– Ты собираешься открыть ему правду?

– Нет, ни ему, ни кому-либо еще. Ты – единственный, кто знает все. Даже Лорэн ничего не говори.

Под конец ужина к ним присоединилась Дейзи. Они выпили за жизнь, за дружбу и за грядущее счастье.


Артур вернулся в Сан-Франциско. Пол отвез его в аэропорт и торжественно поклялся, что теперь, почти избавившись от страха перед авиаперелетами, он непременно навестит своего крестника, как только допишет роман.

Артур расстался с ним ободренный. Пол был в ударе, ничего, кроме книги, сейчас не имело для него ни малейшего значения.

* * *

Пол забыл про отдых и сон. Отвлекался он и то ненадолго, только когда ходил есть к Усачу, а иногда в «Кламаду».

Однажды, когда он беседовал с Дейзи на скамейке, к ним подошел художник с рисунком в руках. Пол долго рассматривал работу: на нем была изображена со спины пара, сидящая на той же самой скамейке.

– Это было прошлым летом. Справа – вы, – объяснил художник. – Скоро праздники, это подарок от меня.

Пол заметил, что, уходя, художник коснулся руки Дейзи, а та в ответ хитро улыбнулась.

* * *

Спустя два месяца поздним вечером, когда Пол правил последние строчки своей книги, позвонила Дейзи и настойчиво попросила встретиться как можно скорее.

Пол уловил в ее голосе возбуждение и намек на то, что она получила весточку от Миа.
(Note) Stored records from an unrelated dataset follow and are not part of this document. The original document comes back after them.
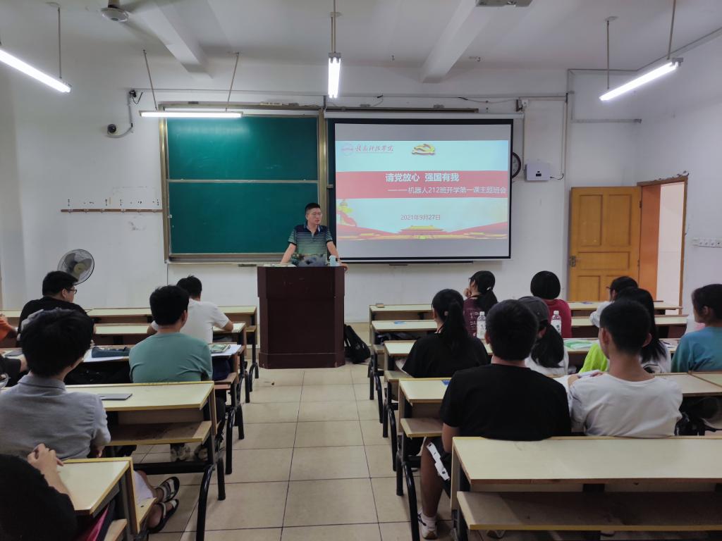 9月27日,机器人工程212班开展“请党放心,强国有我”主题教育活动,学校过渡期管理委员会委员、机器人212班“三联系”领导付玉华参加班会并为全体学生宣讲习近平总书记“七一”讲话重要精神。
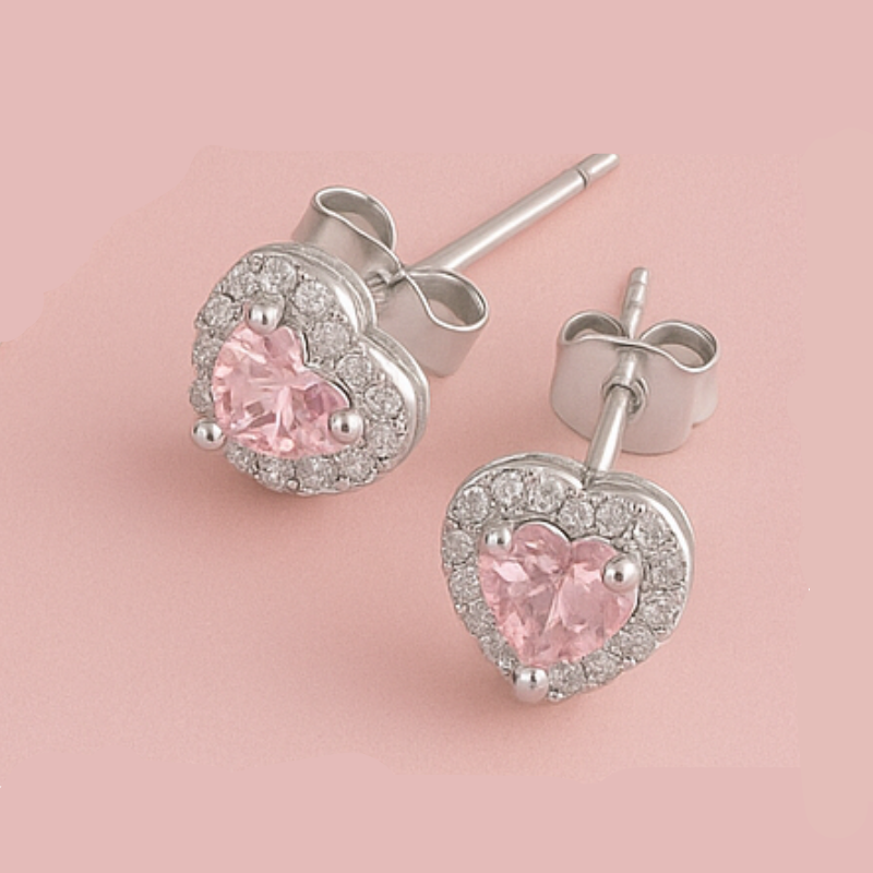 Compre agora o Brinco Prata 925 com Pedra Rosa e Zircônias e leve ainda mais brilho e amor para seu visual. Ou aproveite para montar o conjunto completo e surpreender no Dia dos Namorados! 💝
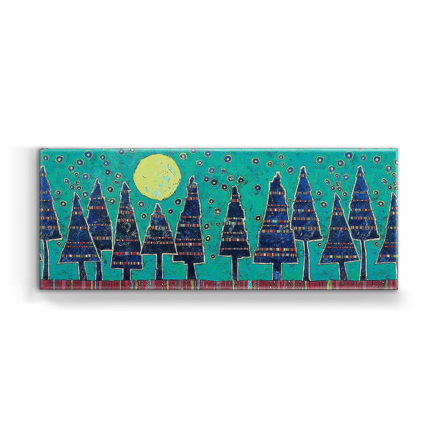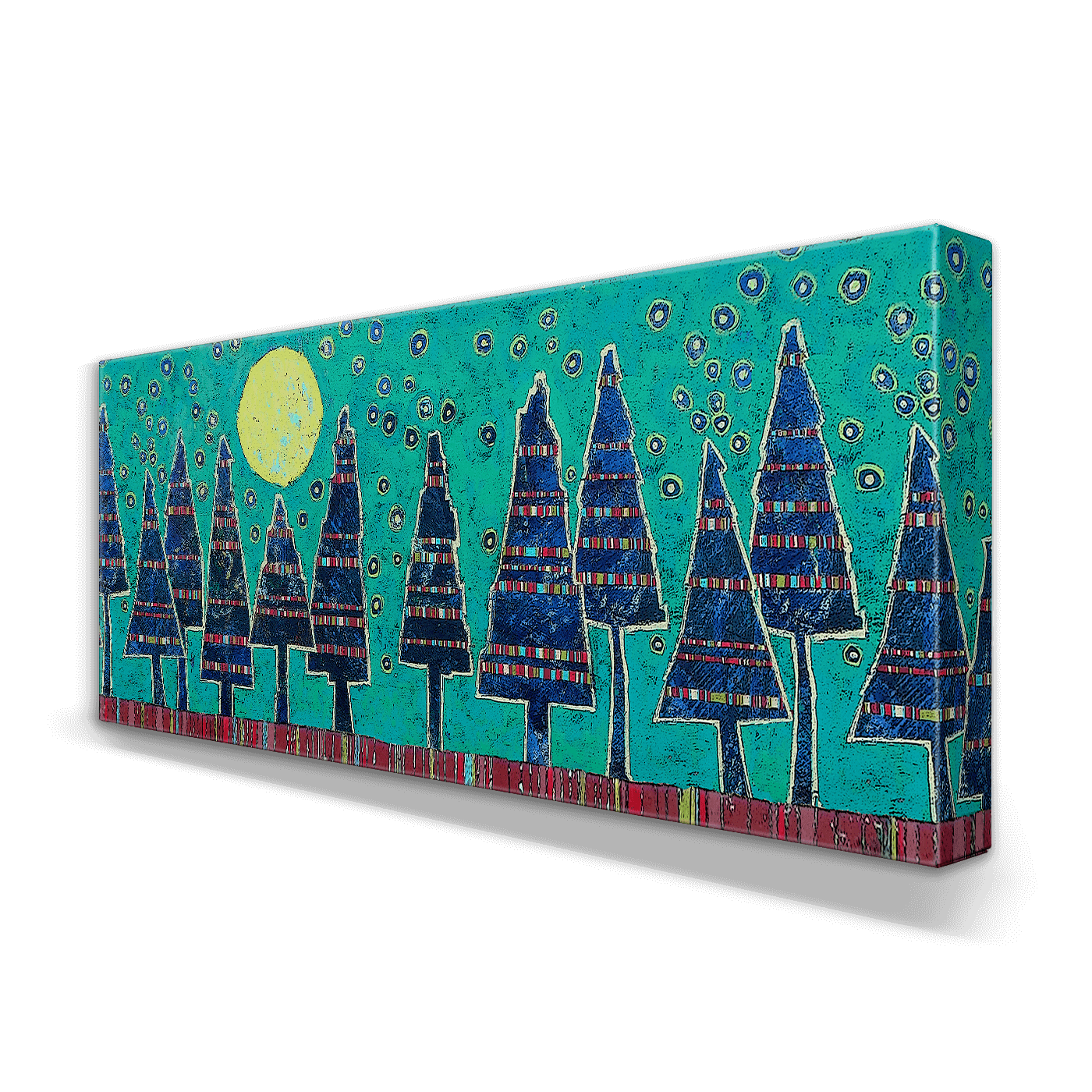 This enchanting artwork showcases a serene forest scene of deep blue trees under a glowing full moon. Delicate circular accents reminiscent of stars or snowflakes decorate the vibrant turquoise sky, adding texture and a sense of quiet magic to the piece. Perfect for bringing a touch of the outdoors into any space, this artwork combines a modern aesthetic with a tranquil, dreamlike quality, celebrating the beauty of nature and the night.

Чтобы не застрять в пробке, Пол поехал на метро, а на улице Лепик не вытерпел и перешел на бег. Он промчался мимо Мулен-де-Ла-Галет, задыхаясь, весь в поту, ощущая зверский голод и еле дыша истерзанными легкими. Влетая в «Кламаду», он был уверен, что увидит Миа.

Но за стойкой его дожидалась одна Дейзи.

– Что стряслось? – выпалил он, падая на табурет.

Дейзи продолжила протирать бокалы.

– Не собираюсь тебе рассказывать, что недавно с ней говорила, потому что это была бы неправда.

– Не понимаю…

– Если помолчишь, то я поделюсь с тобой тем, что знаю. Но сперва угощу тебя коктейлем, восстанавливающим силы.

Дейзи не торопилась. Сначала она подождала, пока он выпьет коктейль до дна. Напиток оказался крепким, Пол мигом захмелел.

– Серьезная штука! – похвалил он, откашливаясь.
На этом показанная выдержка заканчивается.